Je ne veux pas qu'il s'attache. Il ne comprend pas. Il croit comprendre mais il ne comprend pas, il ne comprendra jamais. Et s'il comprenait, il fuirait sans attendre une minute de plus. S'il comprenait, il verrait que je détruis tous ceux qui s'approchent de moi.


           Il ne faisait pas partie du plan. Le plan, c'était de me détruire moi pour ne plus détruire les autres.


Pourquoi fallait-il que je tombe sur un mec aussi gentil, qui rappelle le lendemain au lieu de juste me sauter et de continuer sa vie ensuite ?

Pourquoi fallait-il qu'il me fasse me sentir importante à nouveau ?

Pourquoi fallait-il que je tombe sur celui qui me donne envie de rester ?


          En entrant dans ce bar ce soir là, je pensais tomber, comme tous les soirs précédents, sur un mec à la con. Un du genre qui profiterait de la soirée, et ferait comme si de rien n'était le lendemain. Un du genre qui me virerait de son appart' dès le réveil.

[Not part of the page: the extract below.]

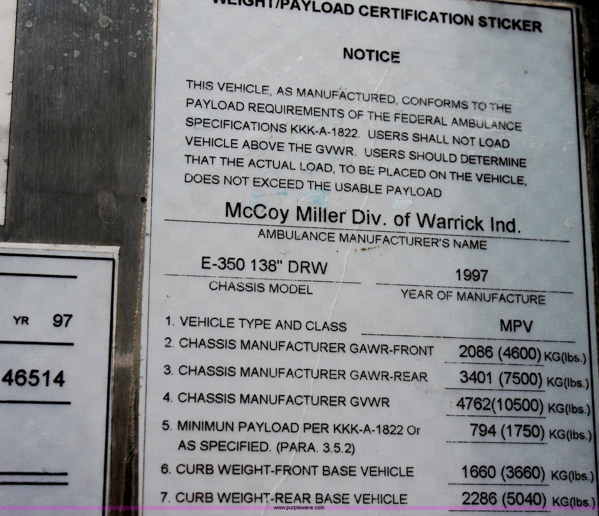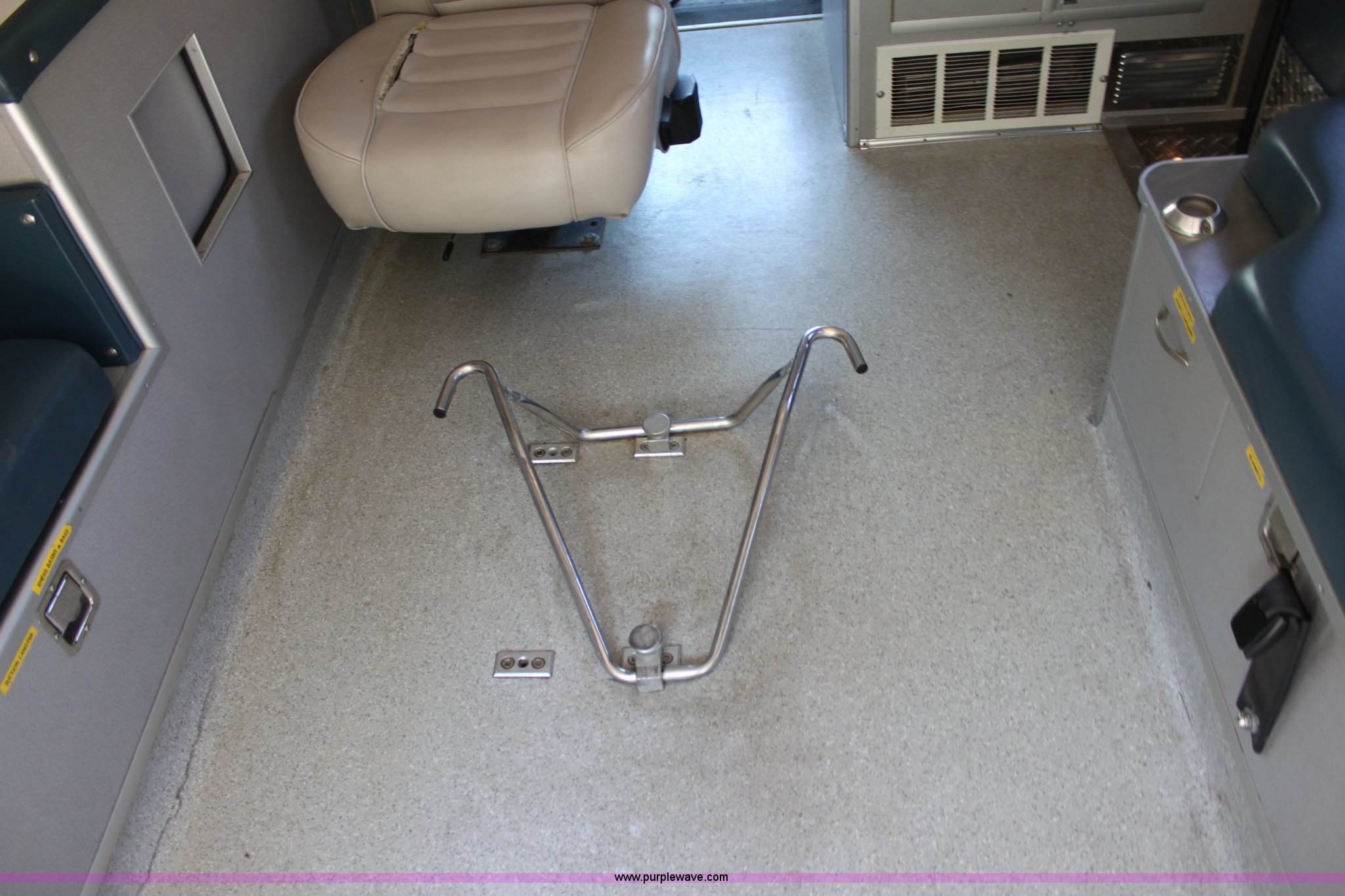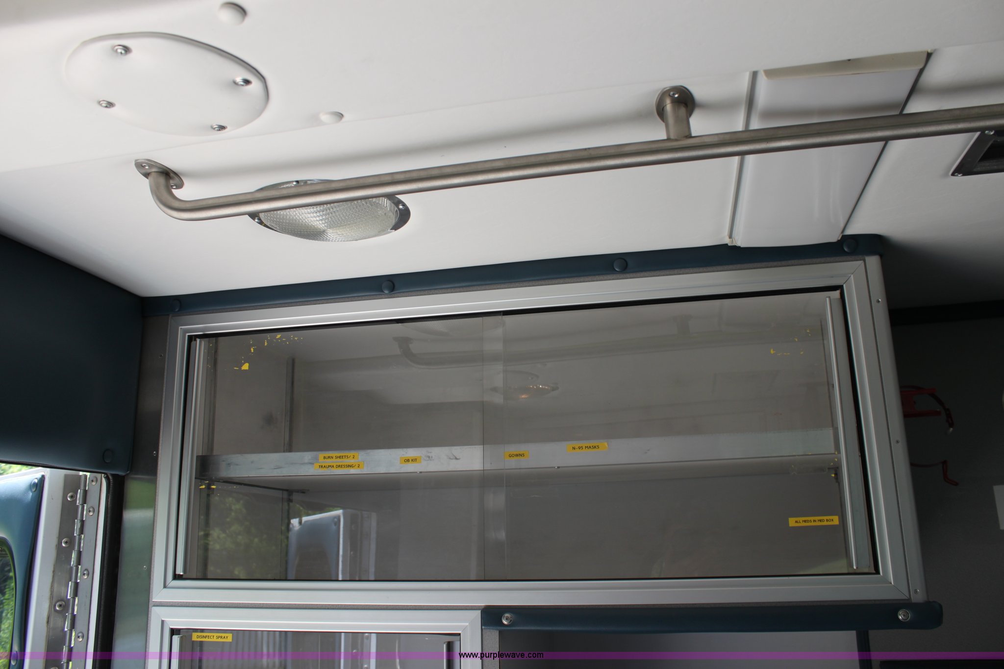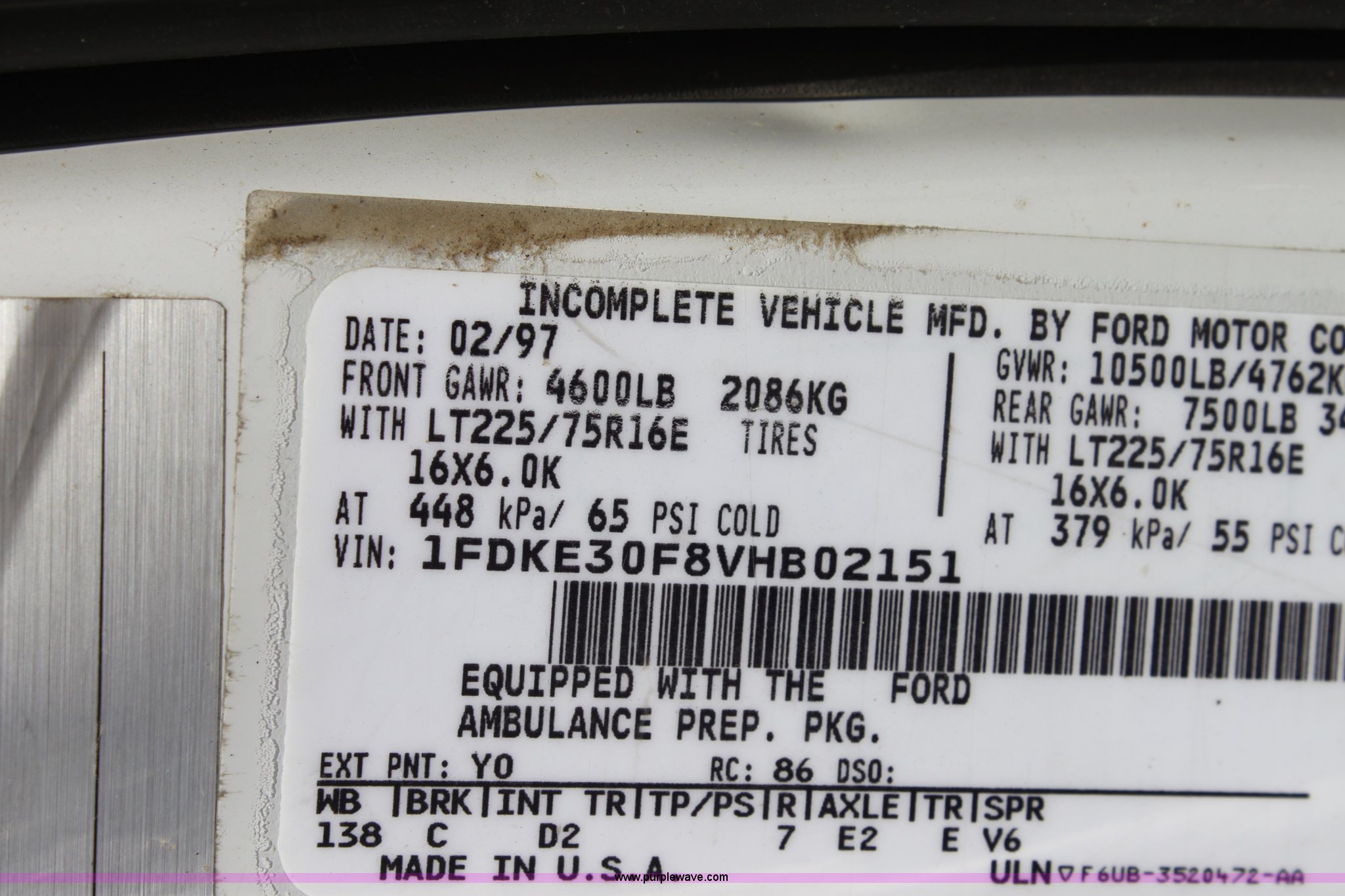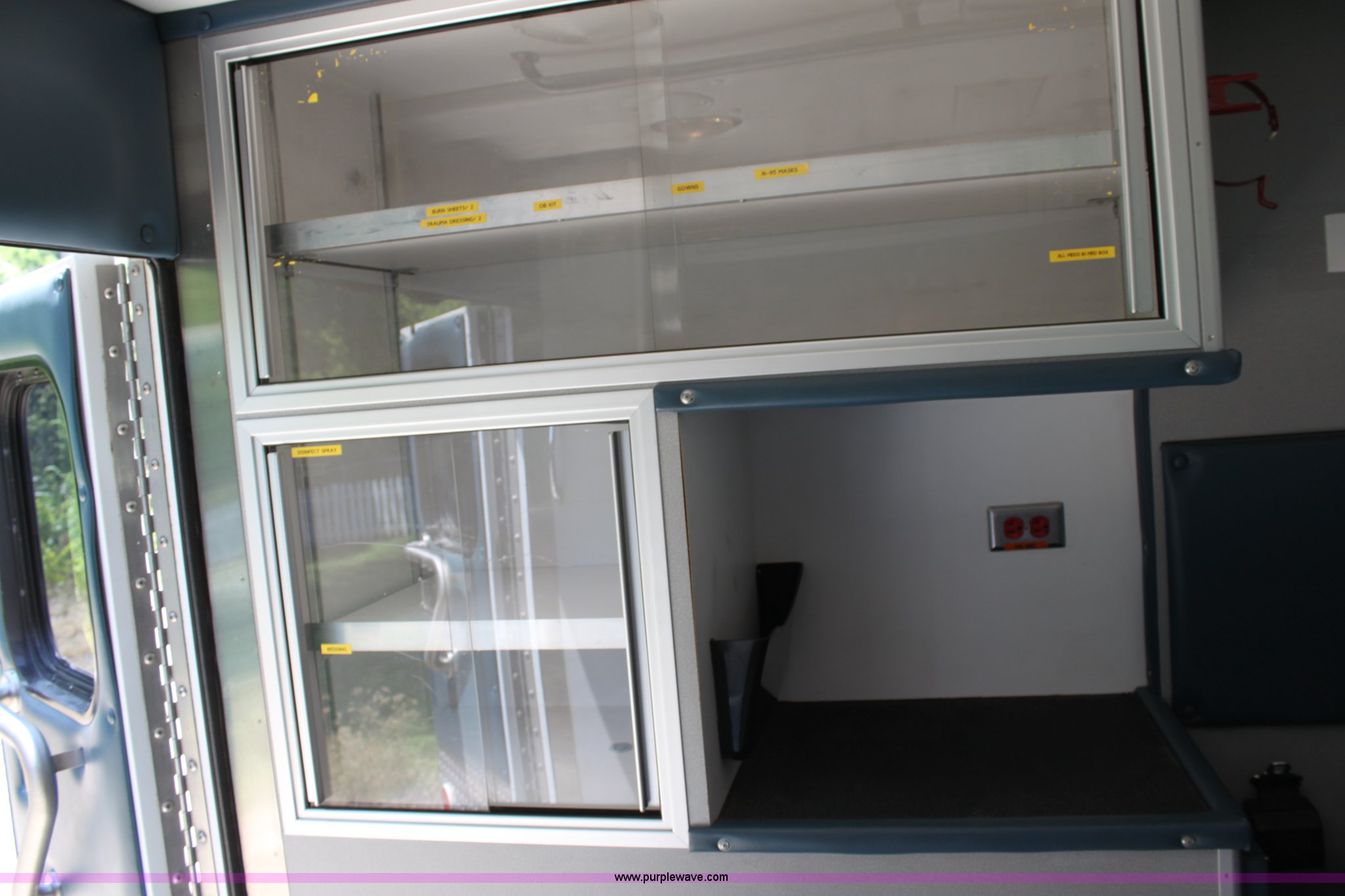 Purple Wave is selling a used Passenger Vehicle in Kansas. This item is a 1997 Ford E350 ambulance with the following: 121,293 miles on odometer, 4,333 hours on meter, 7.3L V8 turbo diesel engine, Automatic transmission, AC and heat, Tilt, Cruise, AM/FM, Power windows and locks, Cloth interior, Rear AC and heat controls, McCoy Miller light and siren controls, Back-up alarm, 110/125V exterior outlet, (3) oxygen connections, (2) rear 115V outlets, Rear interior lighting, 225/75R16 tires

           Mais au lieu de ça il était allé acheté quelque chose pour le petit déj', il m'avait préparé un thé et laissé prendre une douche, il m'avait posé des questions, il s'était intéressé. Il s'était vraiment intéressé et ça m'avait fait du bien. Ça faisait longtemps que personne n'avait été comme ça avec moi, que personne n'avait eu un geste attentionné envers moi.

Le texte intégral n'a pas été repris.